Despite a large increase in exports during the first quarter, natural rubber producers continue to see declining revenues, as world prices fall further.
The latest figures from the Ministry of Commerce show natural rubber exports grew 26 per cent during the first quarter of 2014, compared with the same period last year.
Meanwhile, overall revenue from natural rubber sales fell 28 per cent.
“Last year, rubber was selling at about $2,800 per tonne, but early this year, surprisingly, the price has dropped to as low as $1,980 per tonne,” Heng Sarath, deputy director of the General Directorate of Rubber, said, adding that prices had been on the decline since 2011.
Sarath said he could not foresee an end to the sector’s price slump, citing a slowdown in global demand for natural rubber, in particular China’s car tyre manufacturing industry.
Srey Chanthy, an independent economist, said a lack of infrastructure meant Cambodia had little choice but to sell natural rubber straight to the market despite falling prices.

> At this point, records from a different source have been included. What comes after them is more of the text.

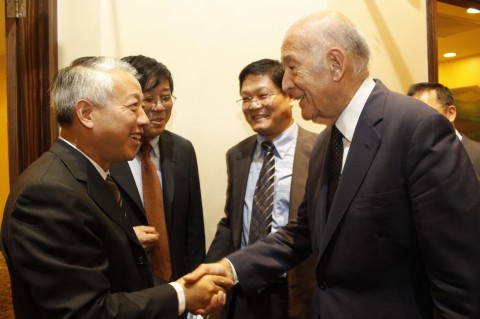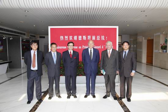 10月21日,已经八十高龄的法国前总统瓦勒里·季斯卡·德斯坦来复旦演讲,主题涉及亚洲在世界的地位、欧盟现下危机、中国与欧盟关系以及中国崛起的意义。这是事隔30年,德斯坦第二次访问复旦。演讲结束后,校务委员会主任、党委书记秦绍德教授会见并宴请了法前总统德斯坦及其随行人员。
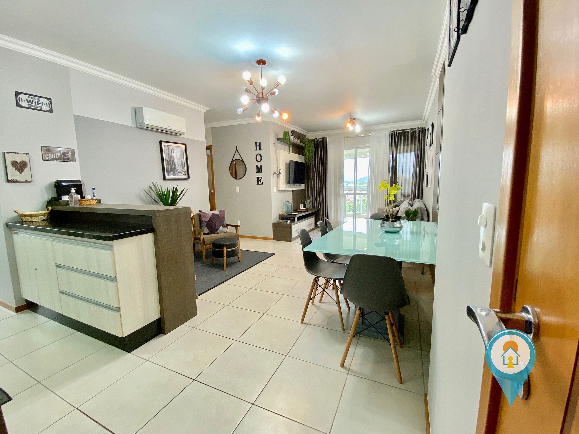 Na sala temos Ar condicionado, TV 40”, Confortável Sofá e mesa de jantar. Saindo da sala você tem acesso a uma excelente sacada com churrasqueira e tela de proteção para segurança das crianças.
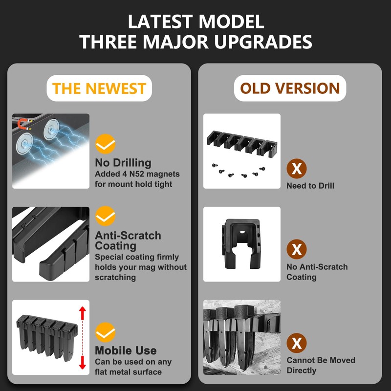 - A COATED NON-SCRATCH SURFACE - Sleek surface with special treatment that will not scratch your magazines or others. Can be reused, adsorbed on steel gun cabinets or any metal surface directly with no issue.

“The reason exports are increasing [despite low prices] is because Cambodia does not have processing plant or warehouse to stock the harvested rubber,” he said, while agreeing that the Kingdom’s skilled labour shortage may deter investment in such
infrastructure.
Cambodia produced 85,000 tonnes in total of raw natural rubber in 2013.
“I believe when Cambodia could produce 400,000 tonnes of nature rubber, there will be investors who will consider investing in a processing plant,” Men Sopheak, deputy director general of Chop Rubber Plantation, said in April.